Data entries
========================
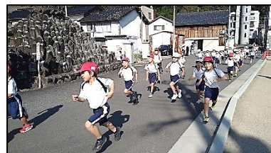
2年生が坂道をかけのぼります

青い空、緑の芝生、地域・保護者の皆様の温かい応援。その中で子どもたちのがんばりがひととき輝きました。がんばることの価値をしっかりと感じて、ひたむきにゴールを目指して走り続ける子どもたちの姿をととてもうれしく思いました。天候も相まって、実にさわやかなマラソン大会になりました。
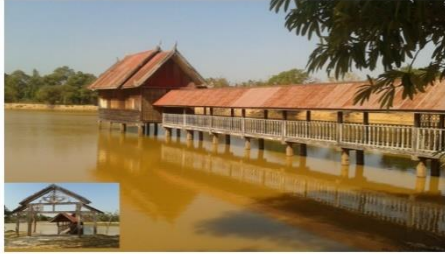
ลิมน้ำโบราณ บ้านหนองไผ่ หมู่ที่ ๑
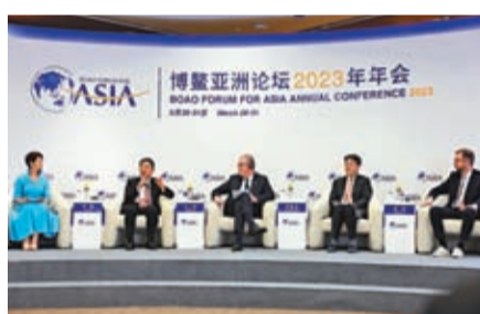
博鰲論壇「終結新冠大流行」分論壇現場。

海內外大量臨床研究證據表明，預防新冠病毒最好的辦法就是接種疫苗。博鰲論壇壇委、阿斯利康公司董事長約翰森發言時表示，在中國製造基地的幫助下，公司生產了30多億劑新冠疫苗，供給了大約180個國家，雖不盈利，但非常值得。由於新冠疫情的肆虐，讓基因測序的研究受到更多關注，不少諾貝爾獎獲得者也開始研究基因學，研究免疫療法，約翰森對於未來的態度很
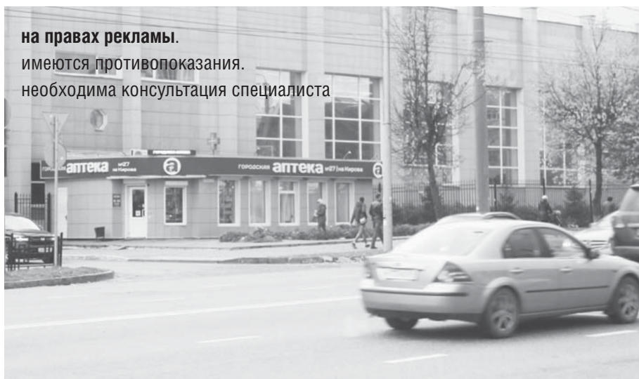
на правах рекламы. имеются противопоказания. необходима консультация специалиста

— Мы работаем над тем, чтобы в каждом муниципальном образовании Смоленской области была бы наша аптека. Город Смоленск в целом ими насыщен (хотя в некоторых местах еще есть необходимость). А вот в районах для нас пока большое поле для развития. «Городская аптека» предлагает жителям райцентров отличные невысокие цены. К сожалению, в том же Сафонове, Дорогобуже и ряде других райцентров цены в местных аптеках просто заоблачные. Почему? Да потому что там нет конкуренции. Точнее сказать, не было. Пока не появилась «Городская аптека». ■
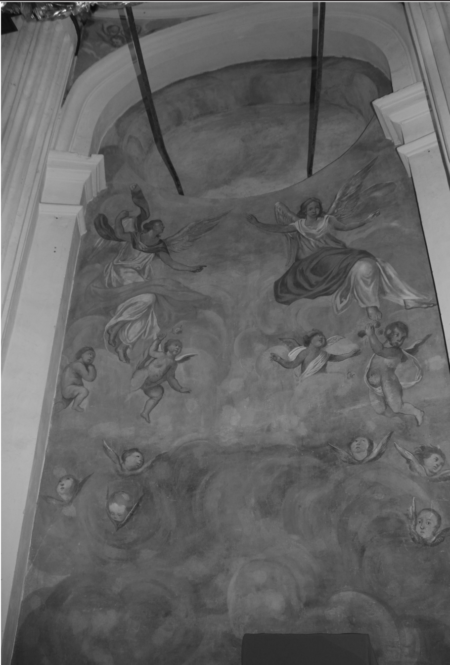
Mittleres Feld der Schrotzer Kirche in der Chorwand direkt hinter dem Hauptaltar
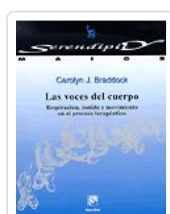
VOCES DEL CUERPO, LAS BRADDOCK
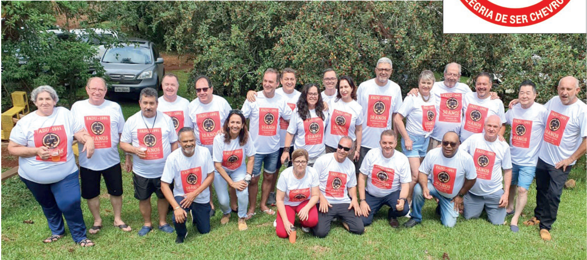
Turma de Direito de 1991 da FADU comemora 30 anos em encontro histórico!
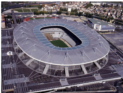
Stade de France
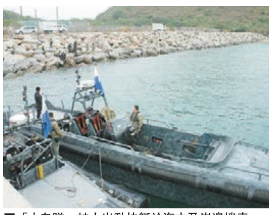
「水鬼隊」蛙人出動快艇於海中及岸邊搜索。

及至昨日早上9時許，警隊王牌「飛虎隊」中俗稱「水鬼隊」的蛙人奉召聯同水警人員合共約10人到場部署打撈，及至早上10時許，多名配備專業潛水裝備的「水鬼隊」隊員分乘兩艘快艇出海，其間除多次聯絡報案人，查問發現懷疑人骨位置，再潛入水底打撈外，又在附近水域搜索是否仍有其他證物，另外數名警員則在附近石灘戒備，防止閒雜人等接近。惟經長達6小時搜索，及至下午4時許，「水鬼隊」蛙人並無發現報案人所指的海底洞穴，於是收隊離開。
========================
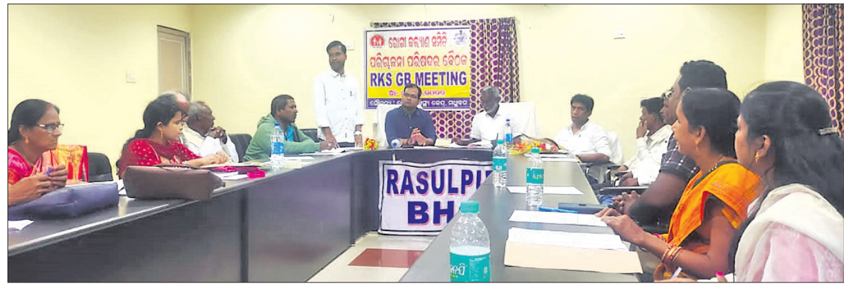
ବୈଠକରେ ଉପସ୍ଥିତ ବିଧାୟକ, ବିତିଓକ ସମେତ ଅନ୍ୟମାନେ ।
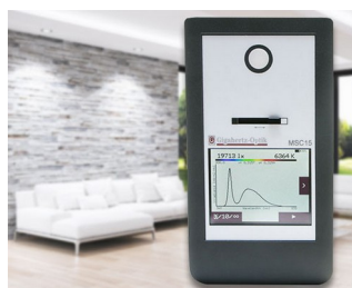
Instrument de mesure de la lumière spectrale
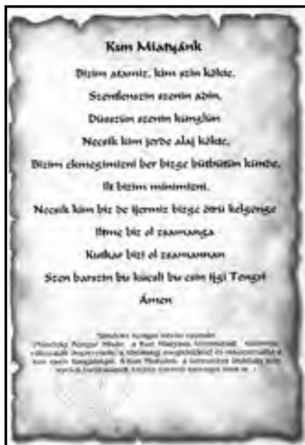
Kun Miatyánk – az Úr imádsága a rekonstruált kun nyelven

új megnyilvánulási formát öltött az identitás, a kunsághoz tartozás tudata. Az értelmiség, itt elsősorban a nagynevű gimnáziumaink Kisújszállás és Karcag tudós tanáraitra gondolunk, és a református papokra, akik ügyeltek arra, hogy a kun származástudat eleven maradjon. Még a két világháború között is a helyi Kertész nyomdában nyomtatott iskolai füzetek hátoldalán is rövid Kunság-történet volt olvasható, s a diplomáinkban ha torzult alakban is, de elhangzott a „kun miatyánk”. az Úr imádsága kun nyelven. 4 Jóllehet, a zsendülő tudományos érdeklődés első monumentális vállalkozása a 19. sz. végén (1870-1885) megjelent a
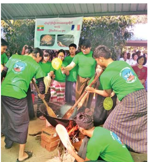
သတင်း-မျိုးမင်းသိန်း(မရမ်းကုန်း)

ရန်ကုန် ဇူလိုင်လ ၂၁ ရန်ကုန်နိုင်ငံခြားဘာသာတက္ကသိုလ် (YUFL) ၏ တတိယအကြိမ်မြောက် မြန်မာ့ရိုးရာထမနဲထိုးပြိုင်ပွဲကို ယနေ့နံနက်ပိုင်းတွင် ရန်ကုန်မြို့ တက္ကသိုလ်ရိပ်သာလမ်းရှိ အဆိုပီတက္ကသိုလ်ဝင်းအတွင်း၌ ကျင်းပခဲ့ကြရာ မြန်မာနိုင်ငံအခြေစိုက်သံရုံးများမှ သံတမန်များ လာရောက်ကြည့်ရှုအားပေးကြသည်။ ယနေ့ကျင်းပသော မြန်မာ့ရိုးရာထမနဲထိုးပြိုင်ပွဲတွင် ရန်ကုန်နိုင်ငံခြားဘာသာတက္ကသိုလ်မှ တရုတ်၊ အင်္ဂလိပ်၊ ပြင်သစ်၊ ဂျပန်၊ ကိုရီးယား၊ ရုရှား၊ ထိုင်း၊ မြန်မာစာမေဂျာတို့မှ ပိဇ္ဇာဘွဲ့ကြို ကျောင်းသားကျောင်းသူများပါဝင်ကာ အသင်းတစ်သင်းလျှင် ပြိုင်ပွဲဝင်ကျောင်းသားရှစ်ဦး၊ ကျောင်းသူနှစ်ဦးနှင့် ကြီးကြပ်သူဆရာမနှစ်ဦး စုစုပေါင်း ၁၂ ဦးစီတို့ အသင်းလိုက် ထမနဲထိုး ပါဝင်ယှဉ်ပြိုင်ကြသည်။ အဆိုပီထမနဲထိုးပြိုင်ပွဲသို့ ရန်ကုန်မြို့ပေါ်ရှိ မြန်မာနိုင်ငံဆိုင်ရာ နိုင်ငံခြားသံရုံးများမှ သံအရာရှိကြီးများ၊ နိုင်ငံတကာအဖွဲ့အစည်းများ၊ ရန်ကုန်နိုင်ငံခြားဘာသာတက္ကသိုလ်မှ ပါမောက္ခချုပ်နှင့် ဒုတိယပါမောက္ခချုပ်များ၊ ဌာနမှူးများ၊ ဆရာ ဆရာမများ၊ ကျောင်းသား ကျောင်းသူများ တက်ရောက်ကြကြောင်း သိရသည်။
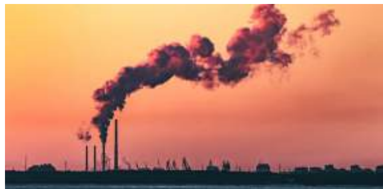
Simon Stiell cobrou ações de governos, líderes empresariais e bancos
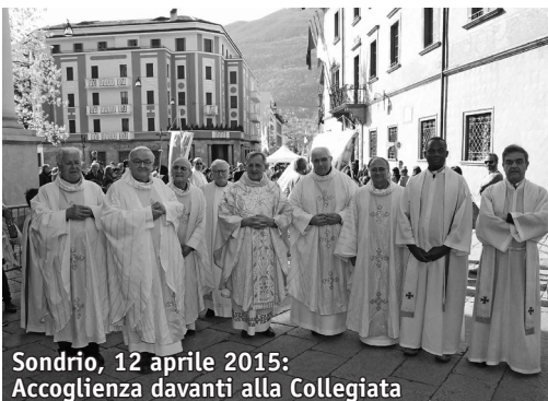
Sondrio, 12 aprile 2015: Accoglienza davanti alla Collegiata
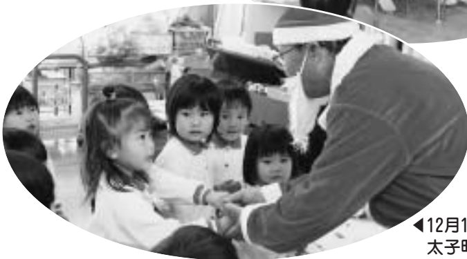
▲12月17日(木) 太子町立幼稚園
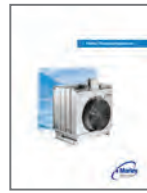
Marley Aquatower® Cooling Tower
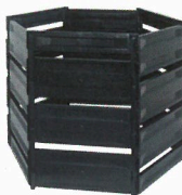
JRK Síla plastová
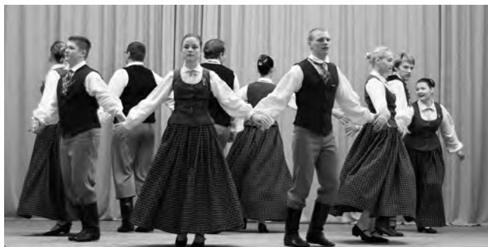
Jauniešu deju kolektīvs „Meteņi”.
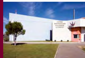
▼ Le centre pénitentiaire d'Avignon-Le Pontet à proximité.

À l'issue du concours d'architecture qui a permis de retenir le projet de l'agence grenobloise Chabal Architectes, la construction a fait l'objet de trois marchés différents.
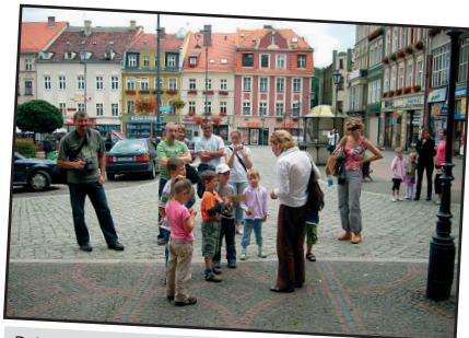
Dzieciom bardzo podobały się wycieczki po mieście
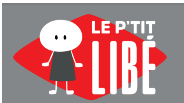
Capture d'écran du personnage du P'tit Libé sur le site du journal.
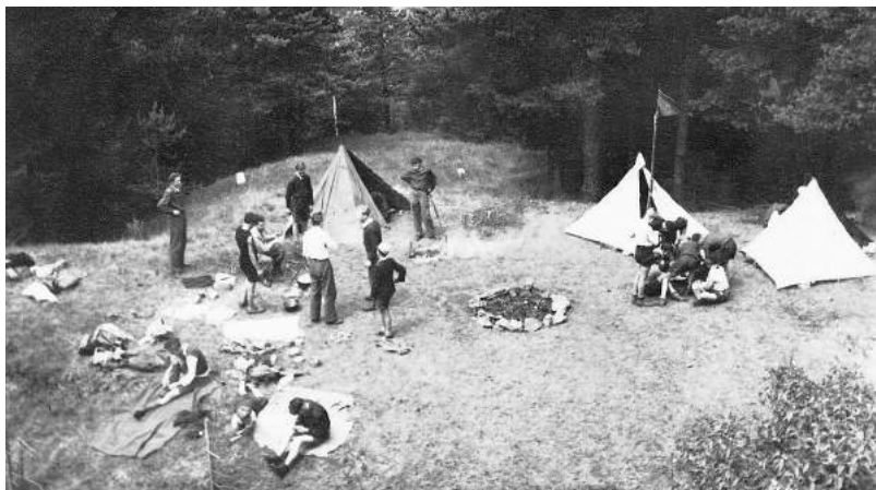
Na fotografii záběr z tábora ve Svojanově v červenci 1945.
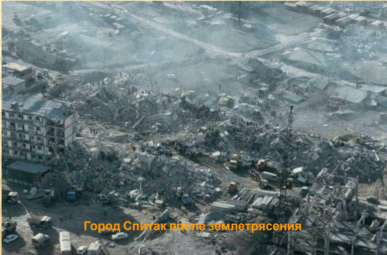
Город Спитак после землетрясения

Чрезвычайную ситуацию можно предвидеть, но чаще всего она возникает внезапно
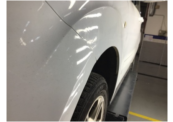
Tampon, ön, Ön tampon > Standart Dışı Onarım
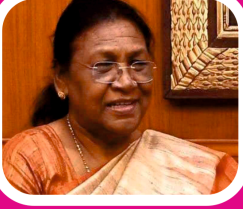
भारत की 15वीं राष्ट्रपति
========================
Action item: Begin at the line in the entries above that has "Stade de France", stop after the line that has "及至昨日早上9時許，警隊王牌", and output exactly those lines without pictures.

Reply to the task:
Stade de France
「水鬼隊」蛙人出動快艇於海中及岸邊搜索。

及至昨日早上9時許，警隊王牌「飛虎隊」中俗稱「水鬼隊」的蛙人奉召聯同水警人員合共約10人到場部署打撈，及至早上10時許，多名配備專業潛水裝備的「水鬼隊」隊員分乘兩艘快艇出海，其間除多次聯絡報案人，查問發現懷疑人骨位置，再潛入水底打撈外，又在附近水域搜索是否仍有其他證物，另外數名警員則在附近石灘戒備，防止閒雜人等接近。惟經長達6小時搜索，及至下午4時許，「水鬼隊」蛙人並無發現報案人所指的海底洞穴，於是收隊離開。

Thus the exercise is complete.